Task instructions :: Look through the listing below for the line with "Lavinya şiirine ilham" and the line with "Contrôle de l'humidité, maintien". Copy both, along with every line between them, exactly and with no pictures.

::::

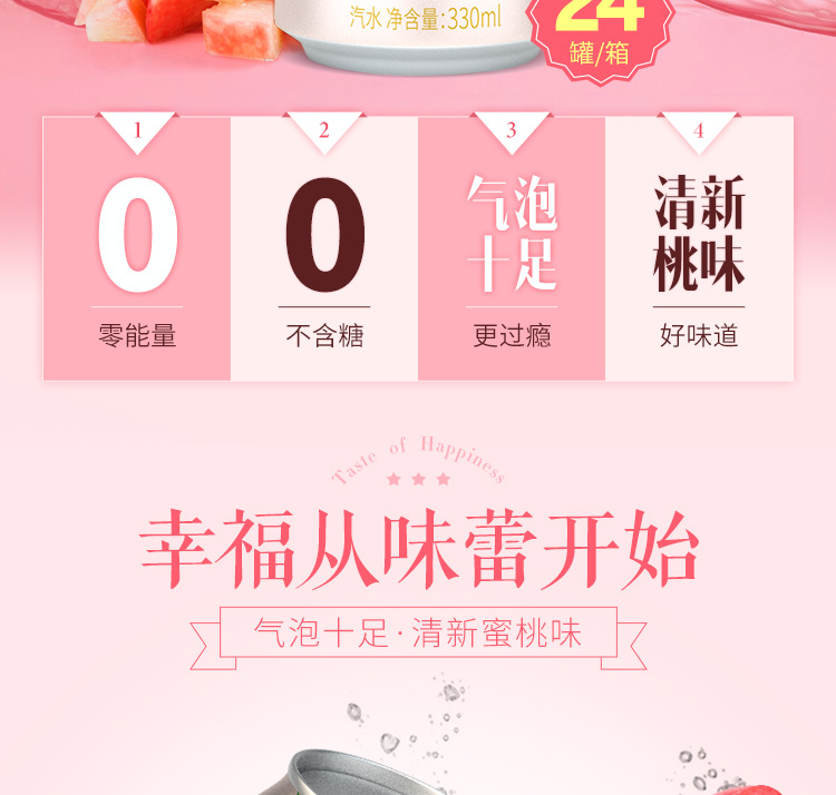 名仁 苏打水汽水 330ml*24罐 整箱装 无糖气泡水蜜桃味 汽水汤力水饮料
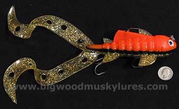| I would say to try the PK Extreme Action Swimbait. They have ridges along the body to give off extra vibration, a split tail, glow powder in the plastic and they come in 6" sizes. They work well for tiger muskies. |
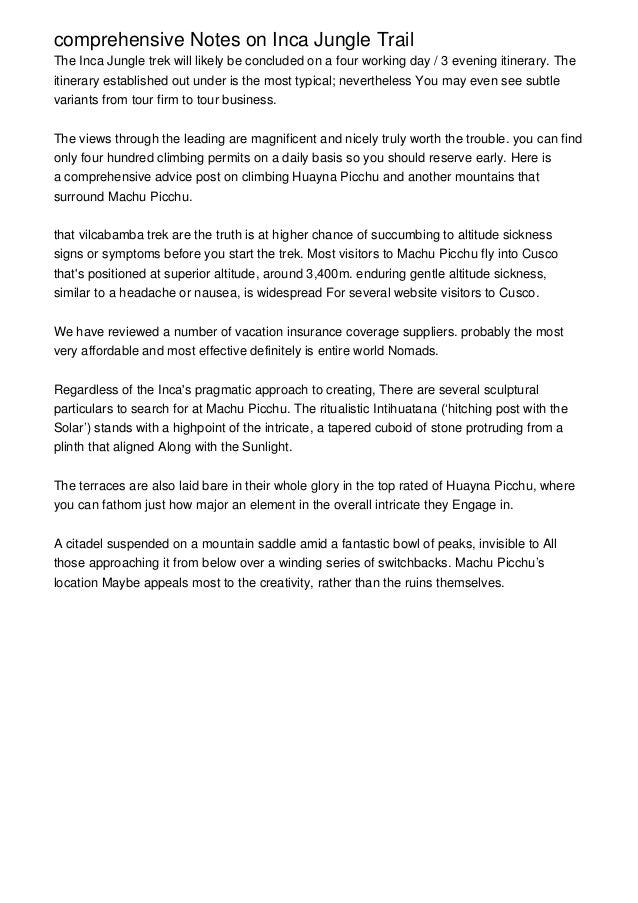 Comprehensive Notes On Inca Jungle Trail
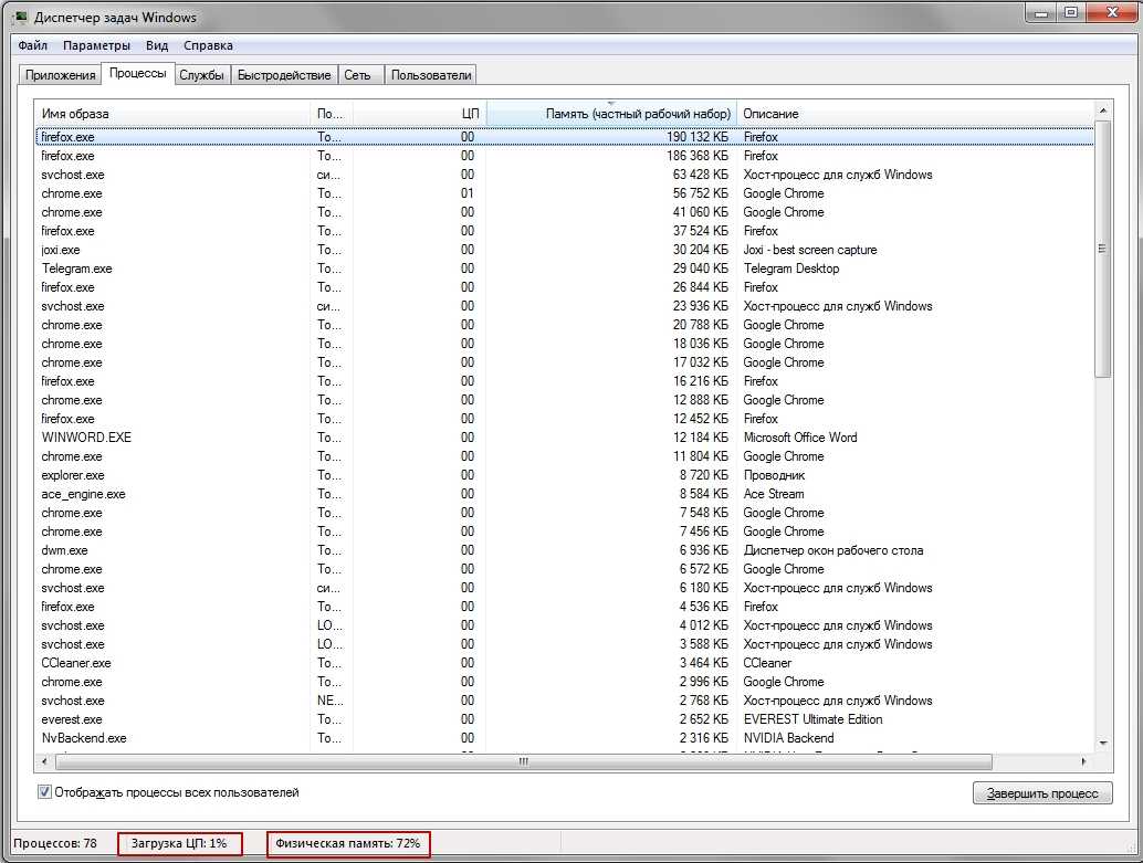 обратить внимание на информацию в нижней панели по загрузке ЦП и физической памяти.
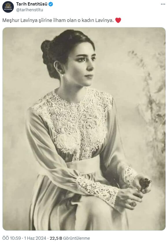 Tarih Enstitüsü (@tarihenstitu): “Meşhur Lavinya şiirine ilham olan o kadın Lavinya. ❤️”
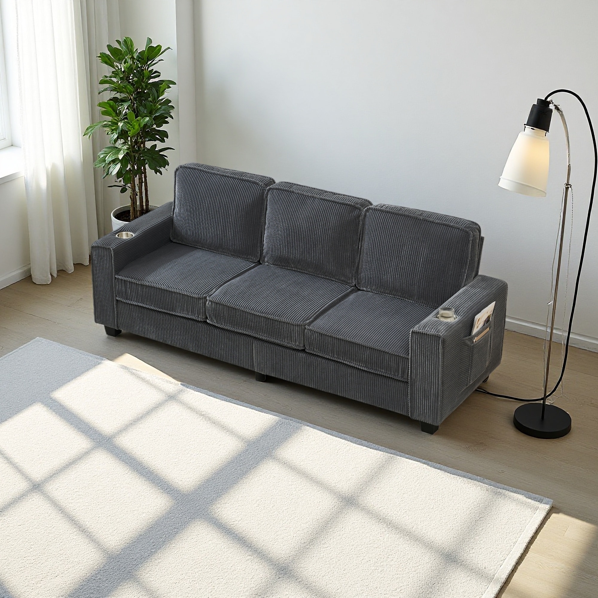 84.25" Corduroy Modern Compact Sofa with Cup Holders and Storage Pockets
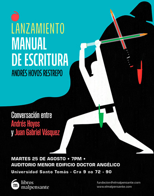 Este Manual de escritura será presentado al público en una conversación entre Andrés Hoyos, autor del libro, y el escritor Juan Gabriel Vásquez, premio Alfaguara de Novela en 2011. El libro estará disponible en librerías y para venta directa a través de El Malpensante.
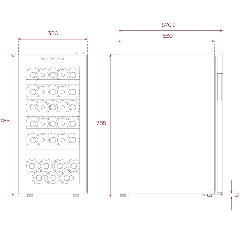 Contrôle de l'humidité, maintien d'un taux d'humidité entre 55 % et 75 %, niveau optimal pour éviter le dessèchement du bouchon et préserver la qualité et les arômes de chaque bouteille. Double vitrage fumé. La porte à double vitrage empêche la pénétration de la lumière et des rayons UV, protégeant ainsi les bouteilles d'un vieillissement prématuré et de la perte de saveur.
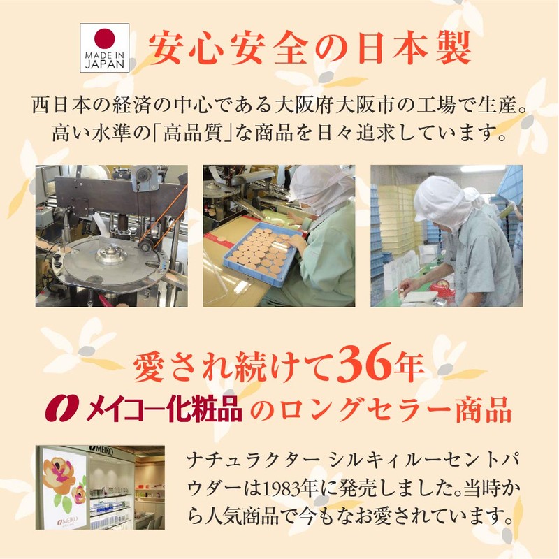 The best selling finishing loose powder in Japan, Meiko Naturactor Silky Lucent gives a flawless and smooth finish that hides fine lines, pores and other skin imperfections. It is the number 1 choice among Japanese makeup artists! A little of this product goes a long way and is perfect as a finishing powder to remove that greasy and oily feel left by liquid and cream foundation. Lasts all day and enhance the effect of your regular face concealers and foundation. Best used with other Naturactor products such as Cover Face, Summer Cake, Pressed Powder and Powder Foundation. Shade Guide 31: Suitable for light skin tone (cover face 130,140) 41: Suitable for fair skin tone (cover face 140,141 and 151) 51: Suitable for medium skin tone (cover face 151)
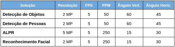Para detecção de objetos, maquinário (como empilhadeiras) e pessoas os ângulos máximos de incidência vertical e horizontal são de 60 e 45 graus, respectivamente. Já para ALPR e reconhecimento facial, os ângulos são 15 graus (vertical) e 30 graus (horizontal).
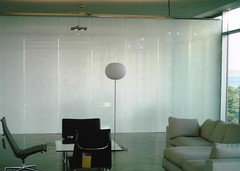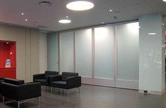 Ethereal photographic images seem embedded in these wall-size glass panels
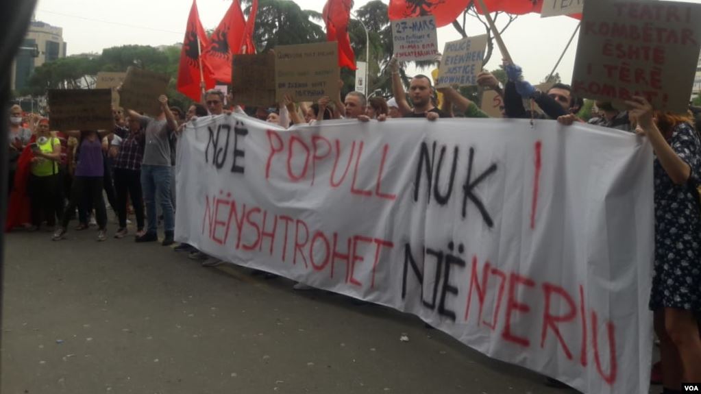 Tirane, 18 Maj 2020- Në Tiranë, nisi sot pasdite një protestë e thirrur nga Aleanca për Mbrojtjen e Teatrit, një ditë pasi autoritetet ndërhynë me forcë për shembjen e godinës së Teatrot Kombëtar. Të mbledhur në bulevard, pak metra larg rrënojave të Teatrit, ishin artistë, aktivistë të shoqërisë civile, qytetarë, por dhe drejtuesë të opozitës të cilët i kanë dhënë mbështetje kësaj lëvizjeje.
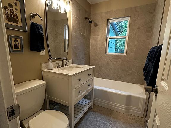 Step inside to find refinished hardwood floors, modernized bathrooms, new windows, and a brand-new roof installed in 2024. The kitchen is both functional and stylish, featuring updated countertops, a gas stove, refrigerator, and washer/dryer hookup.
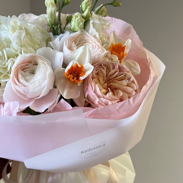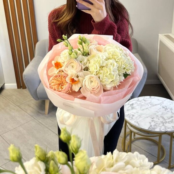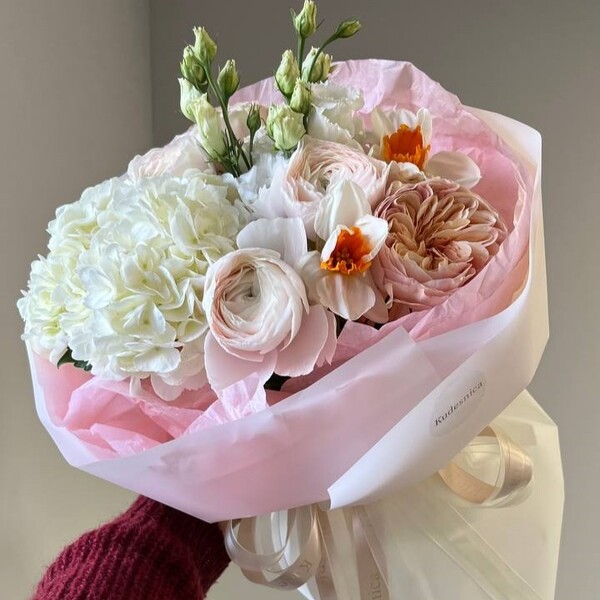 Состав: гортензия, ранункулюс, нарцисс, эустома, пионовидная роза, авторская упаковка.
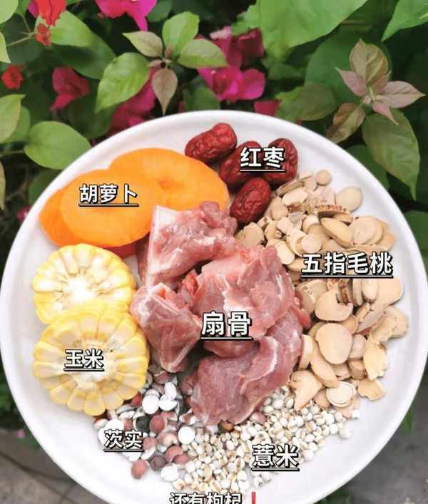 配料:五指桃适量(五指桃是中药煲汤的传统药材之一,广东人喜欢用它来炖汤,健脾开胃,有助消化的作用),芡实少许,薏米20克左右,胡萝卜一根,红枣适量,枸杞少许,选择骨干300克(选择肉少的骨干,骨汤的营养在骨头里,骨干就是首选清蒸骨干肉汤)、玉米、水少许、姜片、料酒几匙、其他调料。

::::

Response to this task ::
 Tarih Enstitüsü (@tarihenstitu): “Meşhur Lavinya şiirine ilham olan o kadın Lavinya. ❤️”
 84.25" Corduroy Modern Compact Sofa with Cup Holders and Storage Pockets
 Este Manual de escritura será presentado al público en una conversación entre Andrés Hoyos, autor del libro, y el escritor Juan Gabriel Vásquez, premio Alfaguara de Novela en 2011. El libro estará disponible en librerías y para venta directa a través de El Malpensante.
 Contrôle de l'humidité, maintien d'un taux d'humidité entre 55 % et 75 %, niveau optimal pour éviter le dessèchement du bouchon et préserver la qualité et les arômes de chaque bouteille. Double vitrage fumé. La porte à double vitrage empêche la pénétration de la lumière et des rayons UV, protégeant ainsi les bouteilles d'un vieillissement prématuré et de la perte de saveur.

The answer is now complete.